Il 1. dicembre 2019, a Bruxelles è entrata in carica la nuova Commissione europea, presieduta dalla tedesca Ursula von der Leyen. Il 3 dicembre, il Consiglio nazionale ha approvato il secondo miliardo di coesione destinato a finanziare progetti per ridurre le disparità economiche e sociali tra i paesi dell’UE e ad aiutare quei paesi, come la Grecia e l’Italia, che sono in prima linea nella gestione del fenomeno dell’immigrazione. Il contributo copre dieci anni ed è stato approvato anche dal Consiglio degli Stati. Il suo versamento, però, diventerà effettivo soltanto quando l’UE ritirerà le misure discriminatorie che ha adottato nei confronti della Svizzera, come la mancata proroga dell’equivalenza borsistica, e se non verranno adottate altre misure discriminatorie. È quindi difficile prevedere quando questi fondi verranno stanziati.

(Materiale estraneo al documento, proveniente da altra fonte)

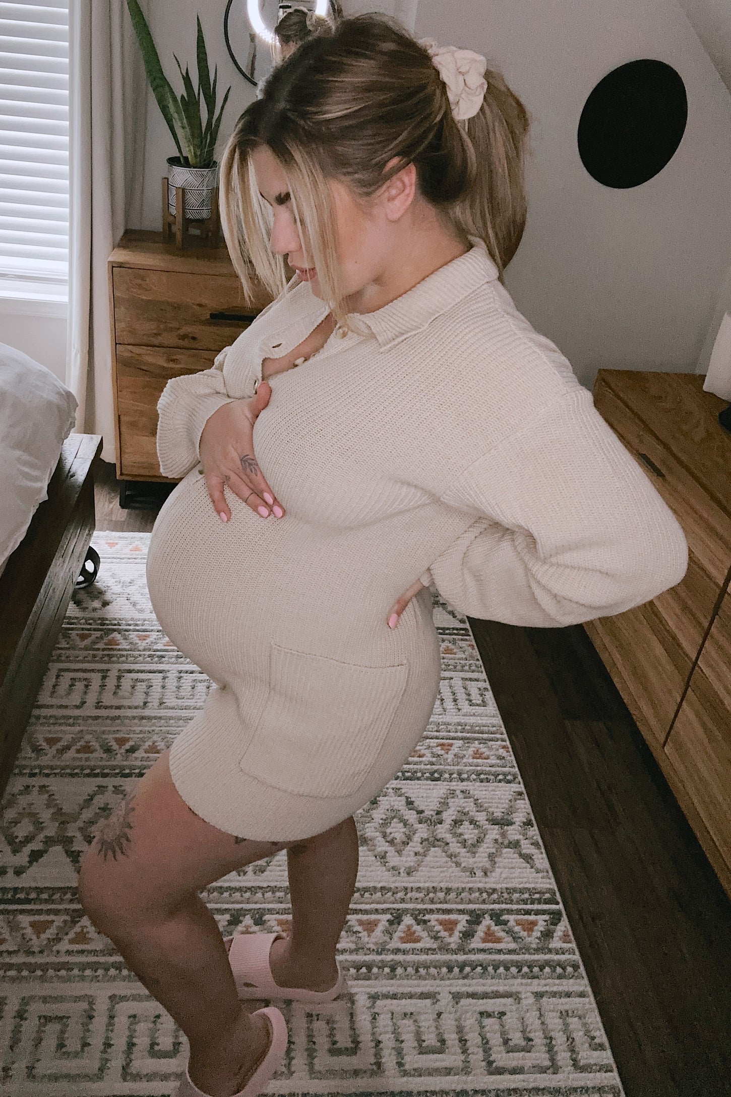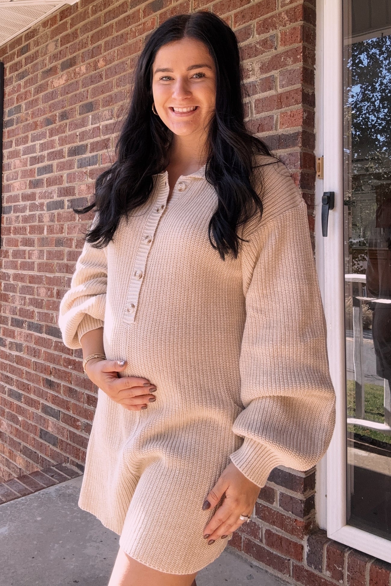Cream Button Down Maternity Sweater Romper

Tra questi due eventi non c’è un filo diretto, ma tutti e due ci ricordano la situazione di stallo in cui si trovano le relazioni tra la Svizzera e l’Unione europea. È una situazione che non lascia intravvedere un facile sbocco e che, anche in tempi brevi, potrebbe aggravarsi, addirittura degenerare, rendendo più conflittuali i rapporti bilaterali e colpendo gli interessi reciproci. Il pomo della discordia rimane il più volte citato accordo istituzionale, frutto della trattativa bilaterale che iniziò nel 2014 e che si concluse alla fine del 2018. L’accordo concerne cinque trattati bilaterali esistenti che regolano l’accesso al mercato dell’UE (trasporto aereo, trasporti terrestri, libera circolazione delle persone, agricoltura ed ostacoli tecnici al commercio) ed eventuali nuovi trattati bilaterali che riguardano l’apertura reciproca di un mercato, come per esempio il previsto accordo nel settore dell’elettricità. Si tratta di vedere in che modo, in questi settori, la Svizzera deve riprendere l’attuale e futuro diritto europeo, nonché di definire un percorso adeguato per risolvere eventuali conflitti.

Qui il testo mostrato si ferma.